Haredi parties kick off their Jerusalem election campaign

Haim Epstein, who heads Bnei Torah’s electoral list for council, is also running as candidate for mayor.

Ultra-Orthodox Jewish men. (photo credit: Marc Israel Sellem)
Ultra-Orthodox Jewish men.
(photo credit: Marc Israel Sellem)
The haredi parties contesting the municipal elections in Jerusalem began their campaigns in earnest on Sunday, with competition set to be tighter than usual for the ultra-Orthodox vote.
United Torah Judaism, the mainstream national haredi party, published advertisements in the haredi daily newspapers for the first time on Sunday with the slogan “We need you for the 10th,” a play on a commonly heard request for someone to join a group of men as the 10th men of a prayer quorum.
UTJ has eight councillors on the 30-member Jerusalem City Council and the party is calling on the ultra-Orthodox public to help bump it up to 10.
“Eight UTJ representatives on the Jerusalem City Council are working for you with great dedication,” the ad reads. “But this time in order that they will not be able to ignore us, eight is not enough. UTJ needs no fewer than 10 representatives on the city council.”
For the first time however, UTJ faces challenges to its monopoly of the Ashkenazi ultra-Orthodox vote in Jerusalem, with two other haredi factions contesting the October 22 elections in the city.
Tov, a party which seeks to represent the sector of the haredi community which is more integrated into the workforce and Israeli society, says that UTJ has not represented the real needs of haredim in Jerusalem and that the concerns of haredi men and women who work, need access to higher education and want better quality of life has have not been addressed.
Tov hopes to gain two or three seats on the municipal council, and is also running in several other cities with large haredi populations.
On the other side of the haredi spectrum is a new party called Bnei Torah, a breakaway from the national UTJ party brought about as a consequence of the bitter split in the non-hassidic Askenazi haredi community following the death of Rabbi Yosef Shalom Elyashiv in July 2012 and the subsequent leadership struggle.
Bnei Torah is led by the former close associates of the Elyashiv who claim that Rabbi Shmuel Auerbach, 82 and a resident of Jerusalem’s Sha’arei Hessed neighborhood, was the rightful successor to the leadership of the non-hassidic community.
Rabbi Aharon Leib Shteinman, 99 and a resident of Bnei Brak, was the eventual successor to the leadership of the mainstream non-hassidic Ashkenazi haredi community.
Yishaiyahu Wein, a senior figure in Bnei Torah, said the party was formed because UTJ had studiously ignored the concerns and opinions of Auerbach and his loyalists.
“We find it strange that, as opposed to most other parties who want to reach out to the largest possible constituency, UTJ has simply tried to ignore us,” Wein told The Jerusalem Post.
“Rabbi Auerbach is the most important rabbinic figure in Jerusalem... but they didn’t consult us whatsoever in the run up to the elections and they created an electoral list without speaking to us.

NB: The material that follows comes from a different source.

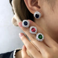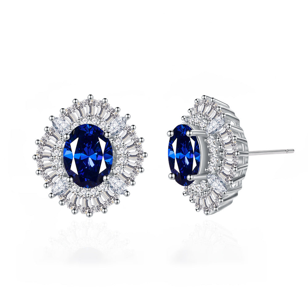 1.7ct pigeon egg 7 * 9mm royal sapphire stud earrings women's sterling silver European and American cross-border light luxury banquet retro earrings

They don’t pay any attention to our issues and they don’t seem to want to represent us,” he continued.
Auerbach and his followers have taken an even harder line against recent political developments, such as haredi enlistment in the army, than their counterparts in UTJ.
Wein would not be drawn on the party’s chances in the elections for the council.
Haim Epstein, who is heading Bnei Torah’s electoral list for the council, is also running as a candidate for mayor.
Bnei Torah has also begun its advertising campaign for the elections, placing an ad on the front page of Friday’s edition of the Hapeles daily newspaper, the party’s mouthpiece.
The party pointedly used a picture of the late Rabbi Elazar Menachem Shach in its ad, due to its claim that Auerbach and Bnei Torah are the true followers of his path.
Shach was the charismatic founder of Degel Hatorah, a non-hassidic haredi party, as a political alternative to the hassidic Agudat Yisrael party for the “Lithuanian” non-hassidic community.
UTJ runs as a joint national list of Degel and Agudah in general elections, but the two parties are running separate lists in some cities, although not in Jerusalem.
Bnei Torah’s ad also featured a picture of Elyashiv, once again underlining its claim that is the true inheritor of the original Degel Hatorah path.
“Faithful to the source, because we are Bnei Torah [‘the children of the Torah’],” the party’s slogan reads.